The rise of deep learning has ushered in advancements in Transformer-based large language models (LLMs), like the GPT series, leading to substantial progress in natural language processing (NLP). Such LLMs are initially pre-trained on vast and diverse public datasets, enabling them to generate responses to a wide array of queries [27]. For specific tasks, fine-tuning these pre-trained LLMs with smaller, task-centric datasets can notably elevate their performance and response precision. In our research, we focus on fine-tuning OpenAI’s Ada model to enhance its capacity to understand and assess the traffic data from IoT devices, and to predict with greater accuracy whether these devices face DDoS attacks.

3.3 Neural Network Model

To verify whether LLM has an advantage over conventional neural network models in the DDoS attack detection, we also construct a Multilayer Perceptron (MLP) model to perform binary classification for detecting DDoS attacks on IoT devices. Similar to the approach used in LLMs, we apply the Multilayer Perceptron (MLP) model to do binary classification for detecting the DDoS attack on the IoT devices. MLP model is the simplest feed-forward artificial neural network model consisting of one input layer, one output layer, and one or more hidden layers [18]. In this study, as Fig. 1 shows, the input layer is followed by a single dense layer consisting of 10 neurons and using Rectified Linear Unit (ReLU) activation.

Fig. 1.
figure 1

Structure of MLP

4 Datasets

4.1 CIC-IDS 2017 Dataset

For our tests on few-shot learning, we focused on the CIC-IDS2017 [20] dataset, specifically using the “Friday-WorkingHours-Afternoon-DDOS" pcap file. This dataset contains samples of labeled data with each row containing 85 features and a label of either “Benign" or “DDOS". Because of the limited context size of LLMs, we reduced this dataset to 4 features per row using previously obtained results on this task [13] so that we could train the model using larger amounts of samples without exceeding the context length. The goal of this process is to retain features that are important to the classification task, and have useful linguistic meanings for the models to use in their inferences. After feature reduction, the context could consistently contain up to 70 samples of training data without reaching its limit.
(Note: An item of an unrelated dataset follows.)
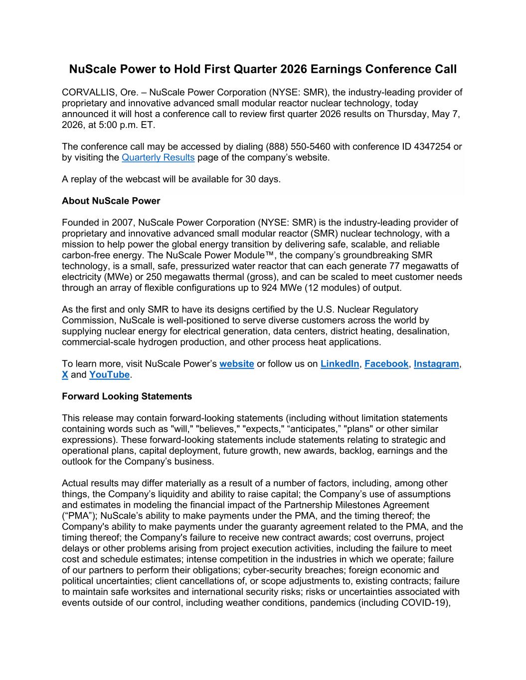 NuScale Power to Hold First Quarter 2026 Earnings Conference Call CORVALLIS, Ore. – NuScale Power Corporation (NYSE: SMR), the industry-leading provider of proprietary and innovative advanced small modular reactor nuclear technology, today announced it will host a conference call to review first quarter 2026 results on Thursday, May 7, 2026, at 5:00 p.m. ET. The conference call may be accessed by dialing (888) 550-5460 with conference ID 4347254 or by visiting the Quarterly Results page of the company’s website. A replay of the webcast will be available for 30 days. About NuScale Power Founded in 2007, NuScale Power Corporation (NYSE: SMR) is the industry-leading provider of proprietary and innovative advanced small modular reactor (SMR) nuclear technology, with a mission to help power the global energy transition by delivering safe, scalable, and reliable carbon-free energy. The NuScale Power Module™, the company’s groundbreaking SMR technology, is a small, safe, pressurized water reactor that can each generate 77 megawatts of electricity (MWe) or 250 megawatts thermal (gross), and can be scaled to meet customer needs through an array of flexible configurations up to 924 MWe (12 modules) of output. As the first and only SMR to have its designs certified by the U.S. Nuclear Regulatory Commission, NuScale is well-positioned to serve diverse customers across the world by supplying nuclear energy for electrical generation, data centers, district heating, desalination, commercial-scale hydrogen production, and other process heat applications. To learn more, visit NuScale Power’s website or follow us on LinkedIn, Facebook, Instagram, X and YouTube. Forward Looking Statements This release may contain forward-looking statements (including without limitation statements containing words such as "will," "believes," "expects," “anticipates,” "plans" or other similar expressions). These forward-looking statements include statements relating to strategic and operational plans, capital deployment, future growth, new awards, backlog, earnings and the outlook for the Company’s business. Actual results may differ materially as a result of a number of factors, including, among other things, the Company’s liquidity and ability to raise capital; the Company’s use of assumptions and estimates in modeling the financial impact of the Partnership Milestones Agreement (“PMA”); NuScale’s ability to make payments under the PMA, and the timing thereof; the Company's ability to make payments under the guaranty agreement related to the PMA, and the timing thereof; the Company's failure to receive new contract awards; cost overruns, project delays or other problems arising from project execution activities, including the failure to meet cost and schedule estimates; intense competition in the industries in which we operate; failure of our partners to perform their obligations; cyber-security breaches; foreign economic and political uncertainties; client cancellations of, or scope adjustments to, existing contracts; failure to maintain safe worksites and international security risks; risks or uncertainties associated with events outside of our control, including weather conditions, pandemics (including COVID-19),

4.2 Urban IoT DDoS Dataset

In fine-tuning work, we employ the latest generation of the training dataset in our recent work [10], which is more difficult to classify than CIC-IDS2017 [20]. This dataset is derived from an anonymized dataset, consisting of real-trace data from an urban deployment of 4060 IoT devices that records their binary activity [8]. This dataset includes the packet volume that each IoT device transmits at each timestamp during their active periods [9], as well as the correlation information of IoT nodes’ packet volume within each recorded instance.

For each training dataset sample, the node ID, timestamp, packet volume transmitted through that node in 10 min, and average packet volume with 30 min to 4 h are documented. In addition to the packet volume of node i in each sample of the training dataset, the packet volumes of all other nodes in the training dataset are also recorded. The result is that for each timestamp in the training dataset, we possess information on the number of packets transferred via node i as well as all other nodes. Finally, each sample will be assigned a label indicating whether this node is attacked or not. Table 1 shows the training dataset which consists of two nodes. In this setting, P1 and P2 indicate the packet volumes associated with nodes 1 and 2, respectively.

Table 1. An Example of Data Points in a Training Dataset

Inspiring from A. Hekmati et al. [10], our study introduces two distinct architectures tailored for fine-tuning Large Language Models (LLMs). These are specially designed to either incorporate or omit the correlation information of nodes’ traffic information:

  • One Model without Correlation (OM-NC): Within this architecture, a singular LLM is employed for the fine-tuning process across all IoT nodes. Notably, this model does not factor in the correlation data associated with nodes’ traffic information. Instead, it relies solely on the traffic information of each node over time for training/inferencing purposes. To differentiate the data of each node from others, we employ the node ID.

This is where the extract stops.